Seine Worte wirken „echt“ und teils „frei Schnauze“ zu Papier gebracht. Hier liegt aber auch der Schwachpunkt der Biografie. Haben die Gedankensprünge noch einen gewissen Charme und gestalten die Erzählungen lebhaft, wirken manche Formulierungen wenig abwechslungsreich als auch etwas schwerfällig und hölzern. Hier hätte ich mir ein Eingreifen des Lektors oder des Übersetzers gewünscht. Trotzdem habe ich das Buch „verschlungen“. Teilweise zurückversetzt in eine Zeit, als Musik scheinbar noch etwas bewegen konnte.

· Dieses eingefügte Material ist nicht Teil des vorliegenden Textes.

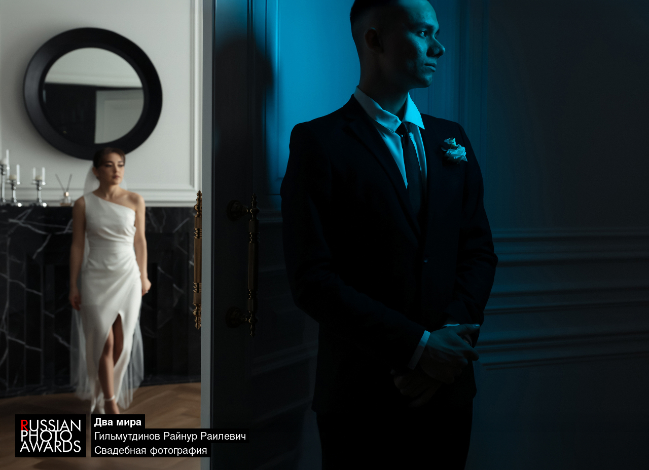 Кинематографическая глубина кадра, построенная на осознанном управлении фокусом. Бритвенная резкость на женихе, подсвеченном драматичным синим контровым светом, «якорит» реальность. В то же время невеста на дальнем плане намеренно оставлена в мягком расфокусе, превращаясь в эфирное, теплое видение. Это визуальная метафора того, как реальность замирает в ожидании мечты.

Als Subkulturen noch aufrüttelten und der Gesellschaft den Spiegel vorhielten.

Neben einem Stichwortverzeichnis befindet sich im Anhang die Mitschrift einer Aufnahme, die ein paar Wochen vor Ians Tod entstanden ist. Bernard Sumner befasste sich zu jener Zeit mit Hypnose und so kam es, dass er Ian Curtis in Trance versetzte und dessen Aussagen mitschnitt.

Ob nun in Filmen wie „Control“ und „24 Hour Party People“ oder Büchern von Deborah Curtis, Mick Middles und Peter Hook – die Geschichte Joy Divisions und Manchesters Musikszene der 80er und 90er Jahre wurde bereits mehrfach beleuchtet. Doch fügt diese Autobiografie eine weitere, persönliche Sichtweise hinzu. Bernard Sumner erzählt SEINE Geschichte und lässt den Leser an den Geschehnissen rund um Joy Division, New Order und dem Haçienda aus seiner Sicht teilhaben.